> **Problem details**
Below are some records. Retype exactly the lines from the one containing "This app not" through the one containing "午後に行われたバリアフリー研", both included, skipping every picture.

> **Study material**
● ● ● ● ●

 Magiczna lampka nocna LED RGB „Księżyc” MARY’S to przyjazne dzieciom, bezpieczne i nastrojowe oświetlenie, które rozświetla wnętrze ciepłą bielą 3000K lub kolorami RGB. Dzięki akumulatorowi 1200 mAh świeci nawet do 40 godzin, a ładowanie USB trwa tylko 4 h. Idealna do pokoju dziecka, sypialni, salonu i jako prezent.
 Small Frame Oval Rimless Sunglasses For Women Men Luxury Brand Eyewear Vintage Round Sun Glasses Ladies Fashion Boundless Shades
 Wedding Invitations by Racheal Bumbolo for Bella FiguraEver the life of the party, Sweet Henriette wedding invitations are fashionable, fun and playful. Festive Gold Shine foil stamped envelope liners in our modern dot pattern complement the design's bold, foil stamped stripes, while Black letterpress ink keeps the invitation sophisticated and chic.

● ● ● ● ●

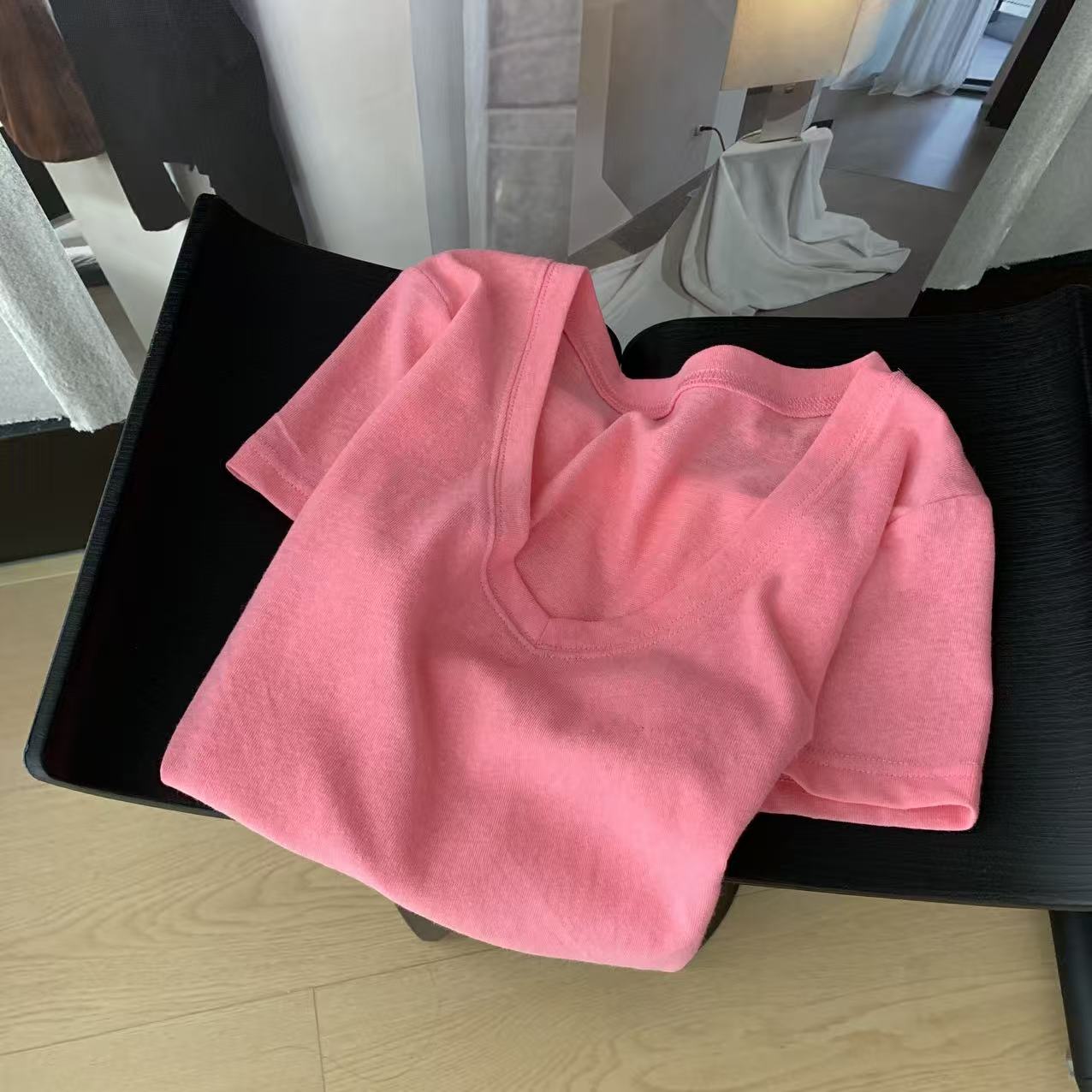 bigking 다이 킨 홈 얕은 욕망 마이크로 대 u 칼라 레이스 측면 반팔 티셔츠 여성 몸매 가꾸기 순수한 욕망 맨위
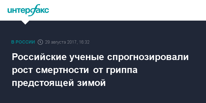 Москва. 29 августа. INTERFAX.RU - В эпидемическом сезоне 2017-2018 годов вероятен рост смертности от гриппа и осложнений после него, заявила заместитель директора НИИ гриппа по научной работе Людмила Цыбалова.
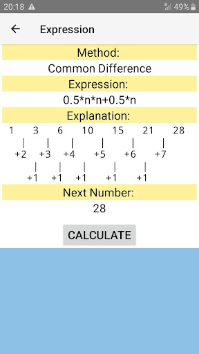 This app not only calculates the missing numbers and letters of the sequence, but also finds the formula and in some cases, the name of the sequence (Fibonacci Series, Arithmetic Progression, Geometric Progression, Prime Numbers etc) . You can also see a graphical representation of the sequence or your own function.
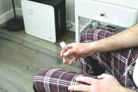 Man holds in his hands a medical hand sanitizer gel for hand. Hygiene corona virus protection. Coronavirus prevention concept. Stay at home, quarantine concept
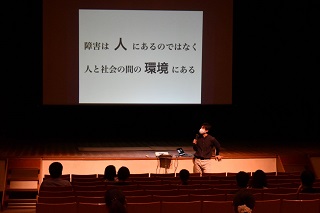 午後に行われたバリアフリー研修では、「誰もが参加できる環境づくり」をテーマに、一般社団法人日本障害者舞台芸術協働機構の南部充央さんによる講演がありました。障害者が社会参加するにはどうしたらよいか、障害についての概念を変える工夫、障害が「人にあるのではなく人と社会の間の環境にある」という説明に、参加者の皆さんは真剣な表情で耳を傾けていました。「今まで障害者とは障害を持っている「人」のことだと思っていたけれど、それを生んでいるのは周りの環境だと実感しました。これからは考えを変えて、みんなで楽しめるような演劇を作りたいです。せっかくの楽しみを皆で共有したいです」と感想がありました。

● ● ● ● ●

> **Solution to this problem**
 This app not only calculates the missing numbers and letters of the sequence, but also finds the formula and in some cases, the name of the sequence (Fibonacci Series, Arithmetic Progression, Geometric Progression, Prime Numbers etc) . You can also see a graphical representation of the sequence or your own function.
 Man holds in his hands a medical hand sanitizer gel for hand. Hygiene corona virus protection. Coronavirus prevention concept. Stay at home, quarantine concept
 午後に行われたバリアフリー研修では、「誰もが参加できる環境づくり」をテーマに、一般社団法人日本障害者舞台芸術協働機構の南部充央さんによる講演がありました。障害者が社会参加するにはどうしたらよいか、障害についての概念を変える工夫、障害が「人にあるのではなく人と社会の間の環境にある」という説明に、参加者の皆さんは真剣な表情で耳を傾けていました。「今まで障害者とは障害を持っている「人」のことだと思っていたけれど、それを生んでいるのは周りの環境だと実感しました。これからは考えを変えて、みんなで楽しめるような演劇を作りたいです。せっかくの楽しみを皆で共有したいです」と感想がありました。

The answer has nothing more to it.